The 1s make the later numerators and denominators obey the Fibonacci recurrence relation, so the only question is what the initial conditions are. And, as it turns out, q₀ and q₁ happen to be consecutive Fibonacci numbers, so the rest of the denominators are also Fibonacci numbers. The numbers also happen to line up with u.

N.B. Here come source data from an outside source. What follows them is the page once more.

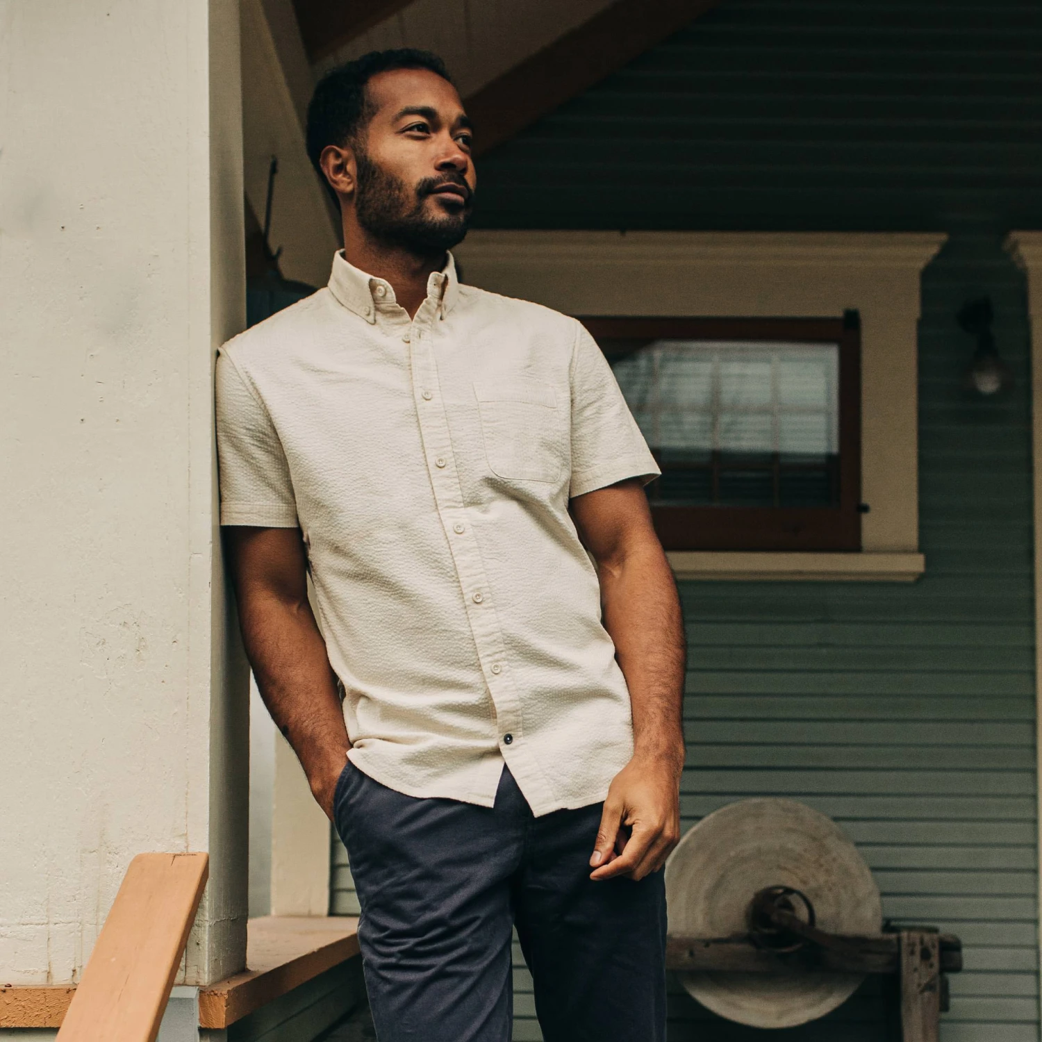 The Short Sleeve Jack in Natural Seersucker from Taylor Stitch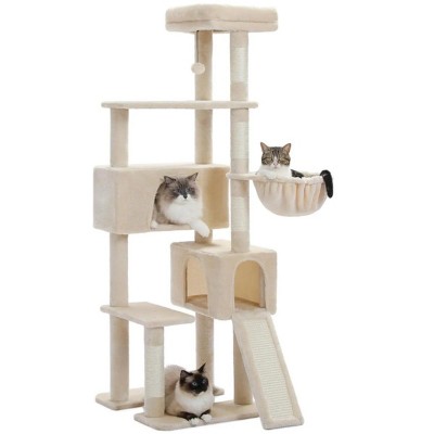 FONTOI Pet Tower with Multi-level Design, Cat Condo, Scratching Post, Dangling Toys, Cat Stair for Home Cat Entertainment, Beige, 62.01"*19.69"*19.69"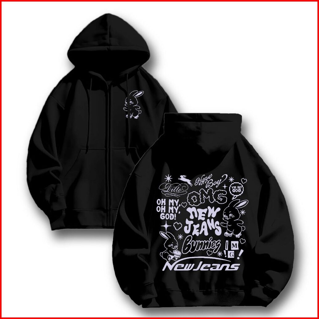 Hoodie Jaketwanita Zipper Jyb Oversize Bunnies New Jeans Sablon Size M-xxl Pria Wanita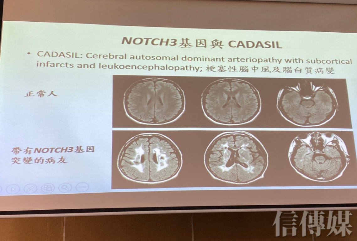 她也提到,目前的研究還發現,如果帶有NOTCH3基因上的R544C突變,把血壓控制好是可以預防的。「不過不管知道有或沒有那個基因型,一樣就是控制三高,雖然還是很多民眾認為,有高血壓但沒有不舒服可以不用吃藥。」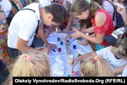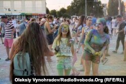 14-летняя северодончанка Аня с подругами для этого даже заранее сама купила краски, несмотря на то, что организаторы вечером раздавали их бесплатно.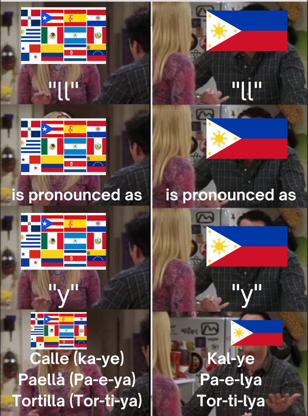스페인어에 이중 L, LL의 발음이 지역마다 매우 다르다. 예를 들어 쌀을 이용한 요리 paella라는 단어는 스페인과 라틴 아메리카 대부분 지역에서는 빠에야로 발음된다. ll 가 y 처럼 발음된다. 이걸보고 yeísmo, 예이스모라고 한다. 아르헨티나, 우루과이, 파라과이에서는 ll가 sh 처럼 발음된다. paella가 빠에샤가 된다. 이걸 sheísmo 셰이스모라고 한다. 근데 필리핀에서는 ll가 들어간 단어나 이름에서 ll를 ly로 발음한다. paella를 빠엘랴로 발음하는 사람들이 많다. 사실 중세 스페인어에서는 모두 이렇게 발음했다. 이걸 lleísmo 례이스모라고 한다. 스페인이 필리핀을 식민지화 한 1565년 경 스페인에서는 례이스모에서 예이스모로의 변화가 진행중이었는데, 필리핀에 이주한 그룹은 례이스모가 강한 카스티야 북부와 레온 등에서 갔고, 멕시코와 중남미는 안달루시아와 카스티야 남부 이민자들이 주로 갔다.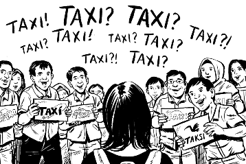 De talentvolle illustrator Aimée de Jongh (De Terugkeer van de Wespendief, Bloesems in de Herfst) deelt in haar nieuwe album Taxi! een aantal van haar ervaringen met taxichauffeurs. Per taxi liet ze zich vervoeren door Jakarta, Parijs, Los Angeles en Washington. De waargebeurde verhalen zijn vrij simpel, menselijk en herkenbaar en komen juist daardoor erg geloofwaardig over. De vier losse verhalen wisselen elkaar telkens op slimme wijze af, waardoor het geen moment saai wordt. Spring naast Aimée de Jongh in de taxi en reis mee door deze unieke wereldsteden.

Now, we know how to go forward from expansion to group element to matrix. Can we also go backward from matrix to group element to expansion? Of course the first step is trivial. The second step … well, there's probably some clever way to do it, but the only way I've found so far is more like brute force. The key is to remember that we're talking about a group element that adds a prefix. So, we can just pick a nice integer that's valid at the end of a continued fraction expansion, apply the group element to it, and then run the first algorithm to find out what prefix the group element added. Let's see how the whole thing works for E(194). First we turn the matrix into the group element (467z + 274)/(196z + 115), then we apply the group element to, say, z = 3 to get 1675/703, then we run the first algorithm to get the result [2,2,1,1,1,1,2,2,1,1,3].

We could get the same result by adding the prefix “2,2,1,1” and then adding the prefix “2,2,1,1,1,1”. On the one hand, so what? Those are the prefixes associated with 5 and 13, and (194,13,5) is a solution of the Markov equation, so of course the following relationship holds.

prefix(194) = prefix(13) & prefix(5)

On the other hand, now we know about group elements and matrices. If we apply the group element that adds prefix(5) and then apply the group element that adds prefix(13), that's function composition, or, better, matrix multiplication.

E(194) = E(13)E(5)

The same thing is true in general.

E(u) = E(v)E(w)

Bang! A new way to express the pattern! It's nice because matrices are easier to work with than strings of 1s and 2s, but it does also make it hard to see the connection to the Markov constant.

That concludes the secondary train of thought. Does that mean it's time for random thoughts? Not quite. I do have some, but they aren't ripe yet. So, maybe instead it's time to look back and be amazed that thinking about approximation quality leads to such strange and beautiful mathematics.